Spaceman of Bohemia
- First edition
- Author: Jaroslav Kalfař
- Language: English
- Genre: Science fiction, Absurdist fiction
- Set in: Bohemia
- Published: March 7, 2017
- Publisher: Little, Brown and Co.
- Publication place: Czech Republic
- Pages: 288
- ISBN: 9780316273404

= Spaceman of Bohemia =

2017 novel by Jaroslav Kalfař

Spaceman of Bohemia is a science fiction novel written by Jaroslav Kalfař in 2017.
==Premise==
The narrative is told from the point of view of Jakub Procházka, the first independent Czech cosmonaut. He is sent on an eight-month solo mission in space to a cloud of "intergalactic dust" near Venus that no other country is willing to risk sending their citizens to inspect. He meets and befriends a giant arachnid named Hanuš. Jakub's motivation for space travel is rooted in a desire to escape his past.

==Background==
Jaroslav Kalfař (/cs/) was born on May 20, 1988, in Prague, Bohemia, one year before the Velvet Revolution, and moved to the United States in 2003 at the age of fifteen. He spoke very little English at the time, and learned by watching Cartoon Network. He graduated from the University of Central Florida and then went on to earn an MFA from New York University. He was the recipient of the 2018 National Endowment for the Arts Literature Fellowship, which granted him $25,000 in order for him to write, research, and travel.
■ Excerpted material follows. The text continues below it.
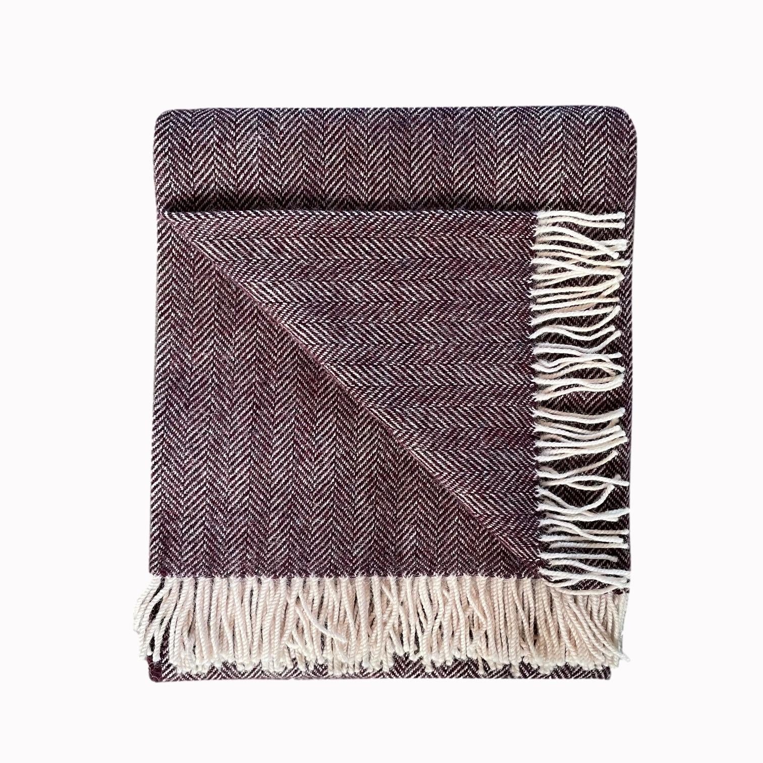 A classic herringbone blanket in pure wool, woven in Mulberry, an earthy hue that epitomizes the Donegal landscape. A thick, rustic style blanket perfect for a country living space.

Kalfař describes how Jakub's grandfather in the book resembles his own grandfather, to whom the book is dedicated. Kalfař says that as he was writing the book, he kept thinking about a significant event in his early childhood. When he was about 5 or 6 years old, he was taking a walk in the woods late at night with his grandfather and for two minutes, his grandfather lost track of him. He remembers "this perfect darkness, with nothing but the stars" above him, with "this perfect silence and just this complete loneliness. That feeling has stayed" with him throughout his life. He has used that experience to relate to Jakub and write his story.

As for Kalfař's history with literature, in an interview with Writer's Bone, Kalfař shares how he caught the storytelling "bug" early in his life. "My father had an extensive collection of horror and sci-fi videotapes, and those were the gateway to books. I was in awe of how much stories could move and shape a person," Kalfař says. This led him to try writing X-Files fan fiction, which eventually led him to write his own original narratives. As for reading, Kalfař's experience with X-Files fan fiction led him "to exploring the small library of [his] grandparents—Robinson Crusoe, any Jules Verne [he] could find. Those were the early days." After that, he discovered Tolkien, Pratchett, and Le Guin in middle school, and eventually began reading more advanced works, such as those of Kundera, Dostoevsky, and Dickens. Kalfař's writing process does not include outlining, but, instead, sitting in silence and allowing himself to "hear the characters in [his] head shout over each other." Specifically, his inspiration for Spaceman of Bohemia came from his fascination "with loneliness, its contradictions, how people experience it so differently. It seemed like there was no greater place to study loneliness than within the confines of space." However, he wanted to incorporate some politics into his debut novel. Naturally, an astronaut included both.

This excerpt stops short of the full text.